[[ PROVIDED ENTRIES open ]]
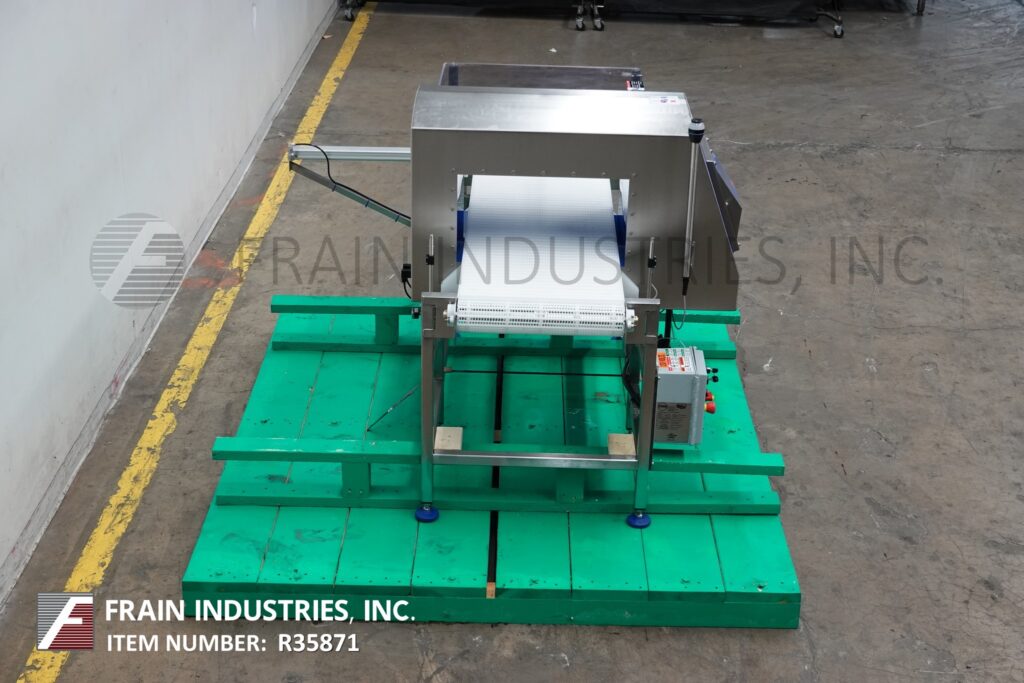Loma, Model IQ4, Automatic, in line, stainless steel, metal detector with number of product per minute – depending on materials and application. Total Aperture: 12" in Height; 21½" in Width. Working Aperture: 10½" in Height; 19½" in Width. Equipped with 20" wide x 72" long Intralox product conveyor belt and is 34" to 38" adjustable in feed and discharge height, with ram arm reject, 7" color touch screen controller with user interface, start, stop, e-stop push button controls and signal tower. Sensitivities: depending on product, container and environment being run in. Temperature range: -10 to +40 Deg C, 14 to 104 Deg F. Ethernet and USB capable. Mounted on stainless steel frame with height adjustable legs.
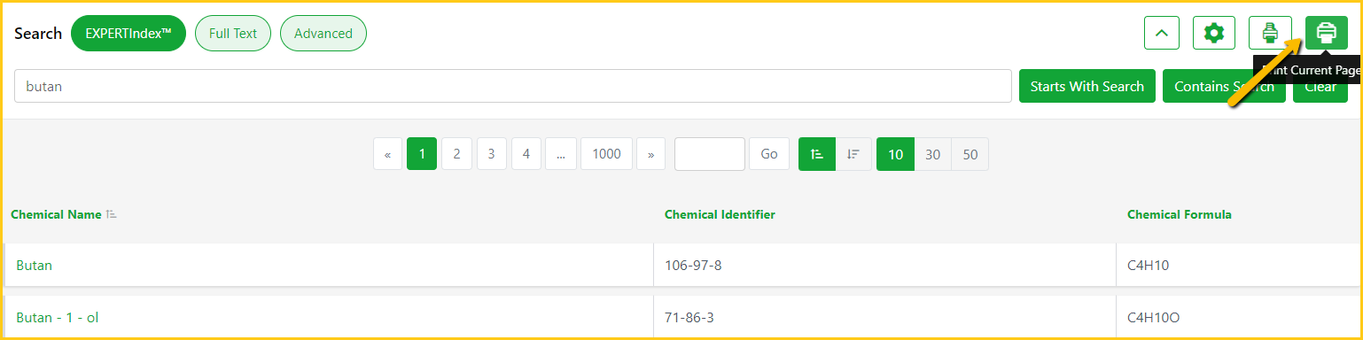 To print results from the current page, click the Print Current Page icon in the top right corner.
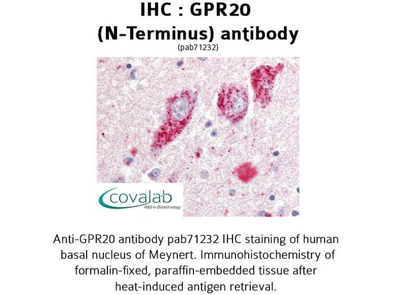 - Synthetic 20 amino acid peptide from N-terminal extracellular domain of human GPR20. Percent identity with other species by BLAST analysis: Human (100%), Gorilla (95%), Monkey (95%), Marmoset (80%).
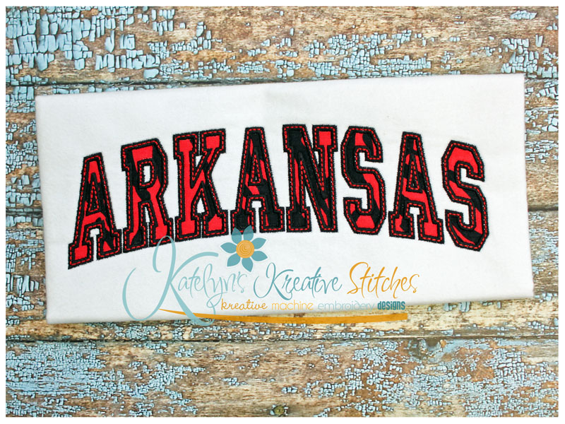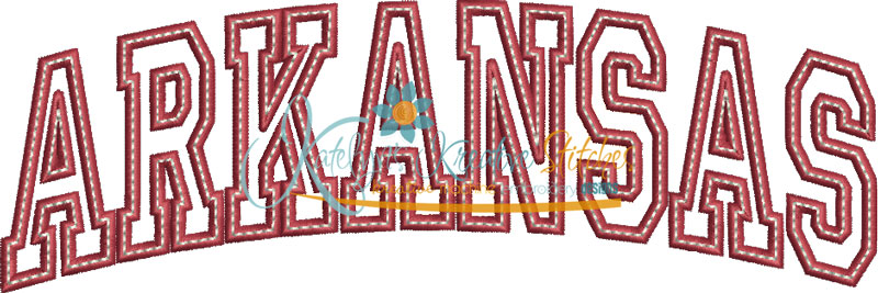 Our Arched Mascot designs will come in 5 sizes.  The 5x7, 6x10, 8x12 and 8x14 will be applique.  The smaller 4x4 size will be in a satin stitch.  These will be great for school sweatshirts and tees.  The 4x4 size will be perfect for polo's too.
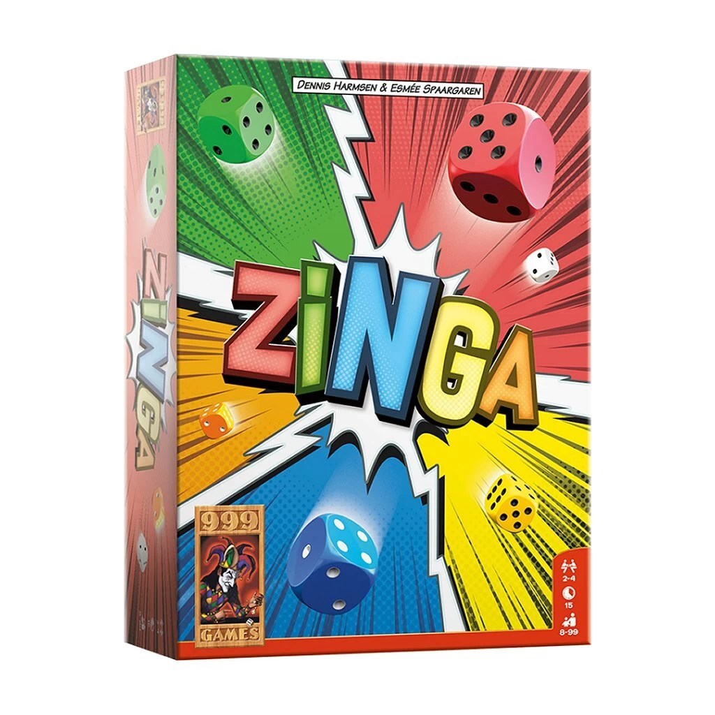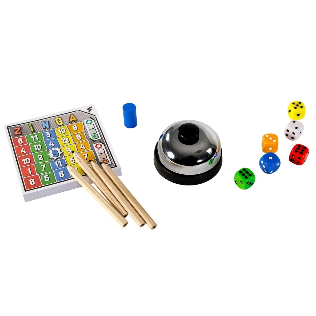 Rol met de dobbelstenen, zoek zo snel mogelijk naar de juiste combinatie van kleur en getal en sla op de bel. Als je geen fouten hebt gemaakt, mag je de combinatie op je scorevel afstrepen. Zodra je een kolom of rij van 5 combinaties hebt afgestreept, roep je ZINGA! en win je het spel. Zinga is een vrolijk dobbelspel, waarbij roll & write wordt gecombineerd met een reactiespel. Om te winnen moet je snel zijn, maar kijk uit voor fouten! Een combinatie noemen die niet bestaat, te lang wachten met iets noemen of jezelf herstellen na een verspreking wordt al gezien als een fout. Zinga is heel simpel, maar heeft ook wat ruimte voor tactiek. Zo kun je met de combinatie BLAUW NEGEN de blauwe pion inzetten, waarmee je andermans beurt kunt stoppen of eenmalig een eigen fout kunt negeren. Ook kun je ervoor kiezen om eerder afgestreepte combinaties nog eens te noemen. Doe je dit voor de derde keer, dan mag je een vakje naar keuze afstrepen.
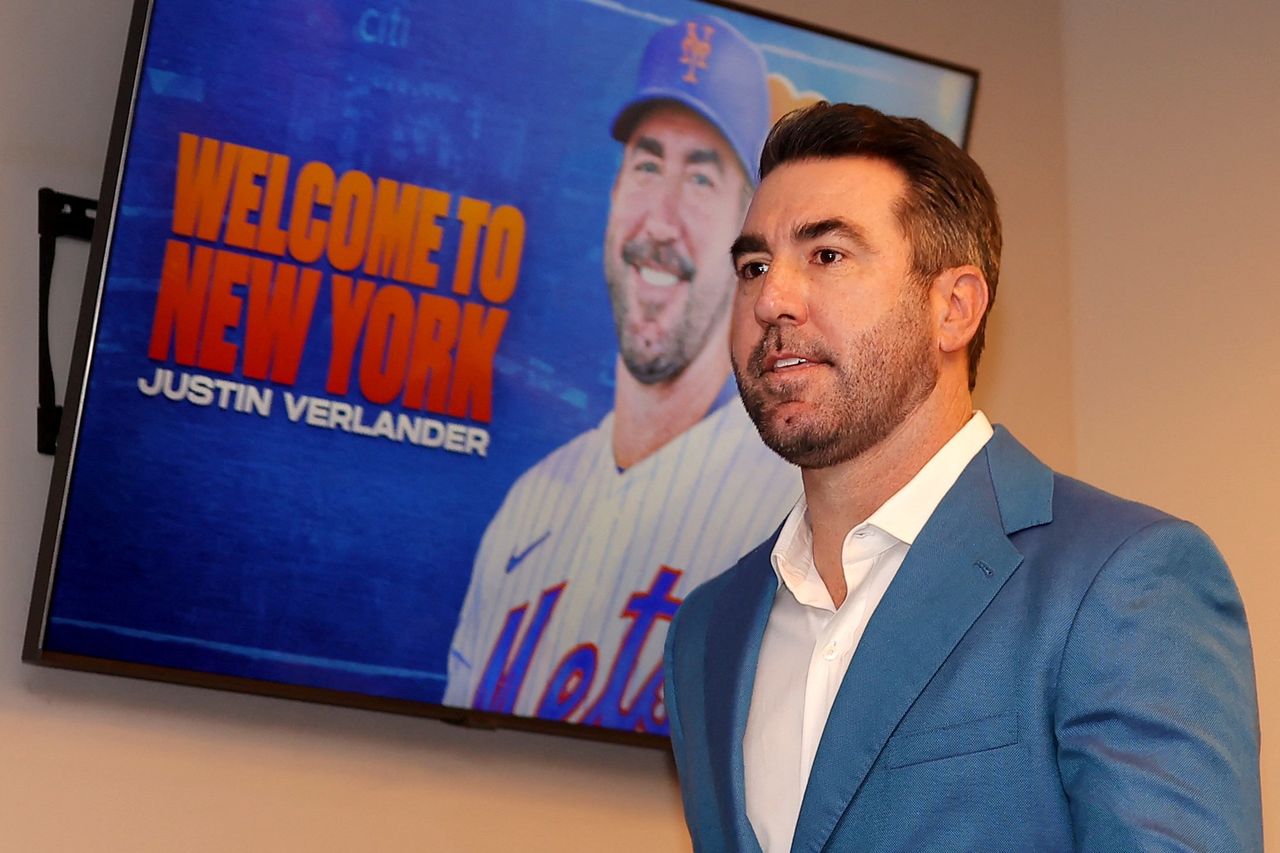 大都會隊投手賈斯汀·維蘭德在花旗球場出席加盟新聞發佈會。圖片來源:布拉德·彭納/今日美國體育人們很容易想象穿着浴袍的科雷亞在大都會隊內野漫步的暮年景象。但正如科恩的熱情所示,這些簽約關乎當下。大都會隊正為贏得2023年冠軍而組建陣容,將年薪4300萬美元的賈斯汀·維蘭德與同薪的馬克斯·舍澤爾收入麾下,更不用説與外野手布蘭登·尼莫和日本球員千賀滉大簽訂的新合約。
[[ PROVIDED ENTRIES closed ]]
▸ **ASSIGNED TASK**: Your task is an exact transcription of all the data, minus the pictures.

▸ **RESULT OF THIS TASK**:
Loma, Model IQ4, Automatic, in line, stainless steel, metal detector with number of product per minute – depending on materials and application. Total Aperture: 12" in Height; 21½" in Width. Working Aperture: 10½" in Height; 19½" in Width. Equipped with 20" wide x 72" long Intralox product conveyor belt and is 34" to 38" adjustable in feed and discharge height, with ram arm reject, 7" color touch screen controller with user interface, start, stop, e-stop push button controls and signal tower. Sensitivities: depending on product, container and environment being run in. Temperature range: -10 to +40 Deg C, 14 to 104 Deg F. Ethernet and USB capable. Mounted on stainless steel frame with height adjustable legs.
 To print results from the current page, click the Print Current Page icon in the top right corner.
 - Synthetic 20 amino acid peptide from N-terminal extracellular domain of human GPR20. Percent identity with other species by BLAST analysis: Human (100%), Gorilla (95%), Monkey (95%), Marmoset (80%).
 Our Arched Mascot designs will come in 5 sizes.  The 5x7, 6x10, 8x12 and 8x14 will be applique.  The smaller 4x4 size will be in a satin stitch.  These will be great for school sweatshirts and tees.  The 4x4 size will be perfect for polo's too.
 Rol met de dobbelstenen, zoek zo snel mogelijk naar de juiste combinatie van kleur en getal en sla op de bel. Als je geen fouten hebt gemaakt, mag je de combinatie op je scorevel afstrepen. Zodra je een kolom of rij van 5 combinaties hebt afgestreept, roep je ZINGA! en win je het spel. Zinga is een vrolijk dobbelspel, waarbij roll & write wordt gecombineerd met een reactiespel. Om te winnen moet je snel zijn, maar kijk uit voor fouten! Een combinatie noemen die niet bestaat, te lang wachten met iets noemen of jezelf herstellen na een verspreking wordt al gezien als een fout. Zinga is heel simpel, maar heeft ook wat ruimte voor tactiek. Zo kun je met de combinatie BLAUW NEGEN de blauwe pion inzetten, waarmee je andermans beurt kunt stoppen of eenmalig een eigen fout kunt negeren. Ook kun je ervoor kiezen om eerder afgestreepte combinaties nog eens te noemen. Doe je dit voor de derde keer, dan mag je een vakje naar keuze afstrepen.
 大都會隊投手賈斯汀·維蘭德在花旗球場出席加盟新聞發佈會。圖片來源:布拉德·彭納/今日美國體育人們很容易想象穿着浴袍的科雷亞在大都會隊內野漫步的暮年景象。但正如科恩的熱情所示,這些簽約關乎當下。大都會隊正為贏得2023年冠軍而組建陣容,將年薪4300萬美元的賈斯汀·維蘭德與同薪的馬克斯·舍澤爾收入麾下,更不用説與外野手布蘭登·尼莫和日本球員千賀滉大簽訂的新合約。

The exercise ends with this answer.